1. ~~Run a test dialogue and capture agent tool use details~~ ✓ Done
2. ~~Verify if agents actually call Write tool~~ ✓ Verified: They don't
3. ~~Check what content agents return to Judge~~ ✓ Full content, not 4-line summary
4. **Implement fix** - Choose from options below

## Resolution: Options A + C Implemented

### Changes Made

**1. Agent Definition (Option A)** — `.claude/agents/alignment-expert.md`

Added `## CRITICAL: FILE OUTPUT PROTOCOL` section at the top of the agent definition:
- Emphasizes file writing is mandatory, not optional
- Warns that work will be lost if not written to file
- Placed at identity level (before role description) for maximum salience

**2. Structured Return Contract (Option C)** — `dialogue.rs` agent prompt template

Changed return format from 4-line summary to 5-line structured confirmation:
```
FILE_WRITTEN: {path}
Perspectives: P01 [label], P02 [label]
Tensions: T01 [label] or none
Moves: [CONCESSION|REFINEMENT|RESOLVED] or none
Claim: [single sentence]
```

The `FILE_WRITTEN:` line serves as proof the agent wrote to the file.

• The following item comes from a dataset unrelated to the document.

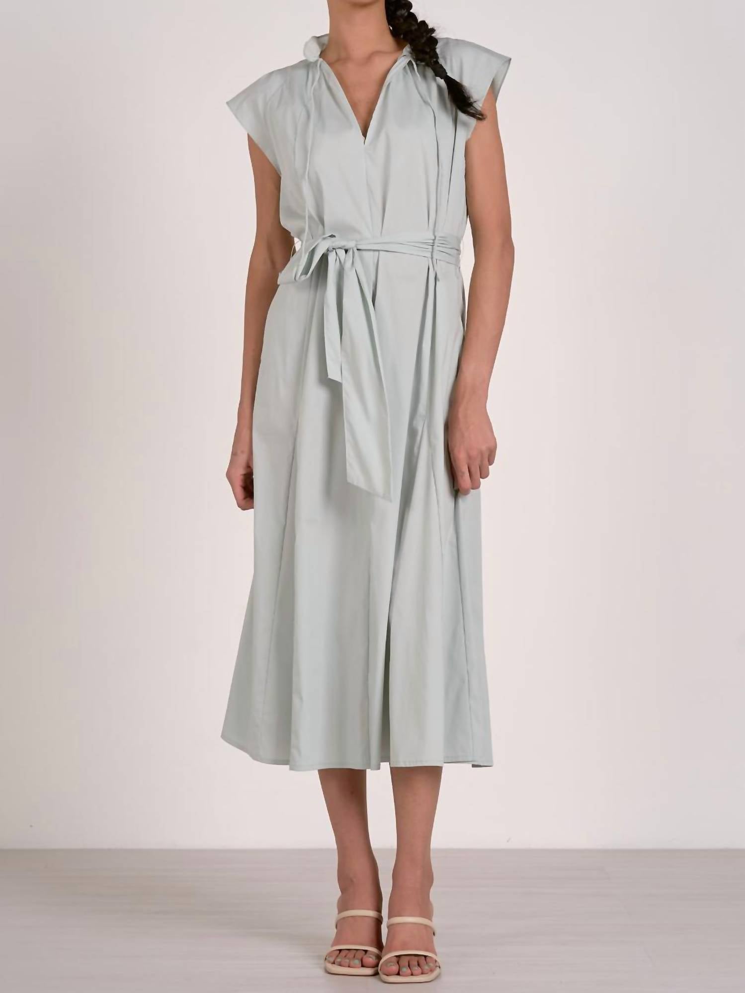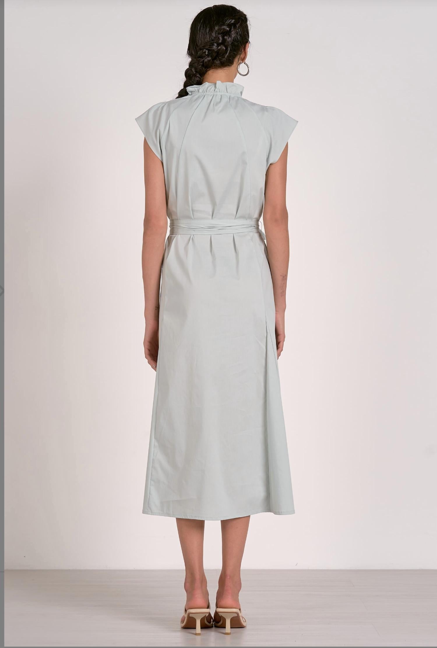 O Vestido Cecelia Mint com Mangas Curtas da ELAN oferece elegância e frescor para o seu guarda-roupa de primavera. Com um design sem mangas, este vestido-camisa é confeccionado em algodão leve em um tom cinza sólido. Seu comprimento midi, com botões frontais e cintura marcada, proporciona uma silhueta elegante, perfeita para reuniões na igreja. Instruções de cuidado não são especificadas.

**3. Judge Verification** — `dialogue.rs` Judge protocol

Updated COLLECT step to verify FILE_WRITTEN line:
- If present: Agent wrote file, no action needed
- If missing: Fallback - check if file exists, write from return content if needed

### Expected Behavior After Fix

```
Expert A runs → writes muffin.md → returns "FILE_WRITTEN: .../muffin.md\n..."
Expert B runs → writes cupcake.md → returns "FILE_WRITTEN: .../cupcake.md\n..."  (parallel)
Expert C runs → writes scone.md → returns "FILE_WRITTEN: .../scone.md\n..."     (parallel)
         ↓
All finish (files already written)
         ↓
Judge verifies FILE_WRITTEN in returns
Judge writes ONLY: scoreboard.md, tensions.md, round-N.summary.md
```

**Savings:** N fewer sequential Write operations by Judge (Opus), moved to parallel agent execution (Sonnet).